Спустившись с возвышенности, где располагался санаторий, вниз, в город, добрел до Колоннады, полукруглого сооружения из одних колонн, будто бы перенесенное в Кисловодск из античной Греции. Она же служит входом в Курортный парк, из которого берут начало туристические тропы — терренкуры. Там я и застал Миру.
Девушка прогуливалась вдоль рядов местных художников, от нечего делать, рассматривая выставленные на продажу картины. Выглядела она сногсшибательно: короткое темно-фиолетовое платье в облипку, высоко открывающее изящные ножки, обутые в те самые танкетки с прозрачными ремешками, и, наконец, вишенка на торте — алая ленточка в черных волосах, завязанная на темени в большой бант. Художники наперебой приглашали её позировать, некоторые даже хотели запечатлеть «прекрасную незнакомку» обнаженной. Но она лишь снисходительно и таинственно улыбалась, не отвечая на подначки.

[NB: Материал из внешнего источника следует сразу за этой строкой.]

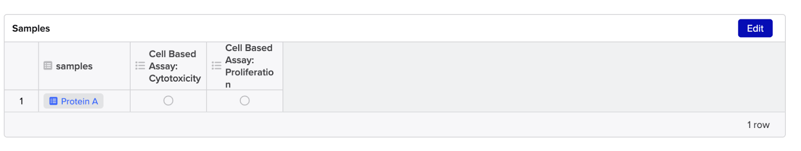 - If you did not add samples when you created the legacy Request, click Edit on the Samples table to add samples either by row, imported from plate or box, or imported from spreadsheet

Я же в восхищении остановился перед, красочным панно курортного фотографа. Инсталляция представляла собой натянутый на раму холст высотой в два и шириной в три метра. Внизу картины был примитивно изображен Кисловодск с высоты птичьего полета: курзал, галерея, колоннада, вокзал, парки. Слева в углу — две вершины Эльбруса. В самом верху холста, вокруг желтого кружка с лучами, изображающего солнце, клубились пышные облака, похожие на мятые подушки. А всю середину занимало изображение летящего самолета — явно срисованного с какой-нибудь открытки тридцатых годов. Фонарь кабины был открыт и из него по пояс — так что лобовое стекло защищало от встречного ветра разве что его живот — высовывался летчик. Одной рукой он держал штурвал, похожий почему-то на автомобильный руль, другая была неестественно согнута в приветственном жесте. Летчик был облачен в кожаную лётчицкую куртку и перчатки, на голове его красовался здоровенный шлем с поднятыми на лоб очками-консервами, а в том месте, где полагалось быть лицу, имелась овальная прорезь. Любой желающий мог за справедливую плату зайти с тыльной стороны холста, просунуть голову в эту прорезь и сфотографироваться в столь шикарном летном прикиде.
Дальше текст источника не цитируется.